Cette Fosse supposée, pourrait avoir été creusée dans le lit et en tête du Bras d'Ulmet. On peut la situer de nos jours dans la zone proximale de l'Egout de Roquemaure, à la hauteur du Mas de Pontevès ... Si cette Fosse a existé, sa longueur n'a pas été supérieure à 1200 métres et là encore, nous sommes aussi dans le domaine de la faisabilité.

Notons que d'autres chercheurs sont persuadés également qu'il a existé une Fosse entre Arles et Fossis Marianis; le problème étant qu'ils la situent du côté de l'ancien Galéjon, alors même qu'au début de notre ère, cette région des Costières de Crau n'était probablement pas inondée et qu'elle ne correspond pas du tout au passage du Rhône d'Ulmet.

 

Une troisième Fosse ?

 

S'il a bien existé un port à 500 mètres au large des Saintes Maries, il était tentant aussi pour le général, d'envisager de couper la péninsule de la bouche du Rhône de Saint Féréol par une autre Fosse, ne serait – ce que pour éviter les bancs de sable de son extrémité... Le gisement d'épaves antiques y est important; de plus, des pierres de gros appareils faisant penser à la présence d'un quai, ont été découvertes récemment à environ 500 mètres au large de Port Gardian.

La grande majorité des épaves antiques du golfe des Saintes, est en effet rassemblée entre le Petit-Rhône et Port Gardian, c'est à dire en travers de cette péninsule qui encadrait l'embouchure du Rhône de Saint Féréol.

Légende : en bleu les axes de navigation

 

NB : La coupe du quai de Carrelet (publiée ci - dessus) montre que suivant les crises hydrologiques,  la profondeur en ces lieux était tout au plus de 0.50 à 1.00 mètre ...

 

 

 

  • Nous publierons bientôt un document de cartes plus explicite.
  • Nous sommes entrain de mettre en page notre idée sur l'emplacement du "Camp de Marius" ...

 

LE CAMP DE Caïus MARIUS

 

et sa base navale ...

 

Il fallait barrer la route de Rome aux Barbares !

Par leur nombre et leur aspect, les Barbares en question, avaient très fortement impressionnés les populations et les armées rencontrées sur leurs passages: « C'était un nombre infini de Barbares hideux à voir, et dont la voix et les cris ne ressemblaient pas à ceux des autres hommes... ». Les soldats de Caïus Marius, retranchés derrière leurs remparts, voulurent aller au contact de ces hordes; mais le général romain décida de les empêcher d'agir et de les faire cohabiter : « ... Ce général, qui s'inquiétait peu de leurs défis, retint ses soldats dans le camp, et fit de sévères réprimandes à ceux qui, témoignant une fierté déplacée, et n'écoutant que leur colère, voulaient aller combattre.

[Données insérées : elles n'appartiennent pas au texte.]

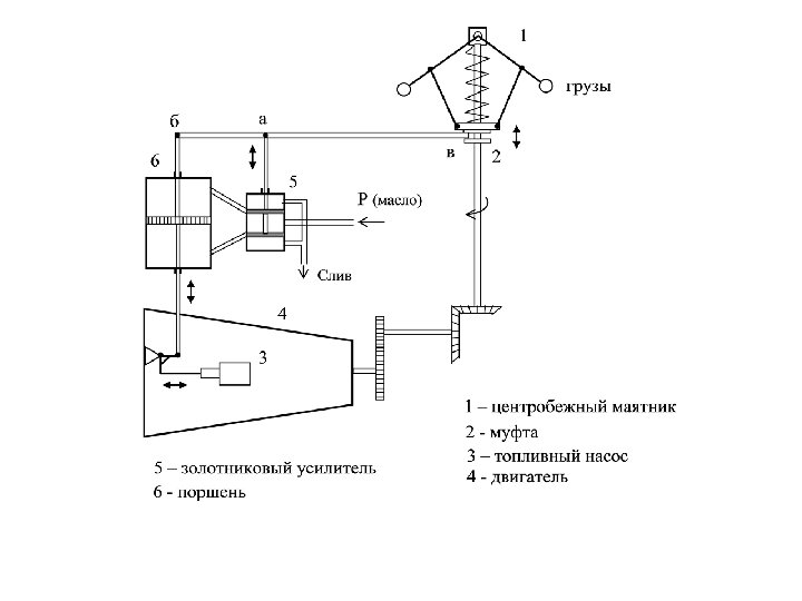 Приведенный выше регулятор работает с определенной статической ошибкой. Чем больше нагрузка, тем больше должен быть ход рейки топливного насоса (в стороны увеличения подачи топлива). Но для этого должно измениться положение муфты регулятора, связанного жестко с рейкой насоса. Новое же положение муфты может быть только при другом числе оборотов, при котором результирующая сила упругости пружины, веса муфты и грузов регулятора будет уравновешивать центробежную силу, возникающую при вращении этих грузов. Новое значение частоты вращения будет меньше старого. Это статический регулятор. Регулятор непрямого действия с гидравлическим усилителем (ГУ). ГУ состоит из золотникового усилителя и поршня. Для усиления используется энергия жидкости под высоким давлением.

Il les appelait traîtres à la patrie, et leur représentait que l'objet de leur ambition devait être, non d'obtenir des triomphes et d'élever des trophées, mais de dissiper cette nuée foudroyante qui les menaçait, et de sauver l'Italie. C'était le langage qu'il tenait en particulier aux capitaines et aux principaux officiers ; pour les soldats, il les plaçait les uns après les autres sur les remparts du camp, d'où ils pouvaient voir les ennemis, afin de les accoutumer à leur figure, au ton rude et sauvage de leur voix, à leur armure et à leurs mouvements extraordinaires. Il leur rendit ainsi familier, par l'habitude, ce qui d'abord leur avait paru si effrayant ; car il savait que la nouveauté fait souvent illusion et exagère les choses que l'on craint, au lieu que l'habitude ôte même à celles qui sont redoutables une grande partie de l'effroi qu'elles inspirent. Cette vue continuelle des ennemis diminua peu à peu l'étonnement dont ils avaient été d'abord frappés ; et bientôt leur colère, ranimée par les menaces et les bravades insupportables de ces Barbares, échauffa et enflamma leur courage. Car les ennemis, non contents de piller et de ravager tous les environs, venaient les insulter, jusque dans leur camp, avec une audace et une insolence si révoltantes, qu'indignés de leur inaction, ils se livrèrent à des plaintes qui parvinrent enfin jusqu'à Marius »...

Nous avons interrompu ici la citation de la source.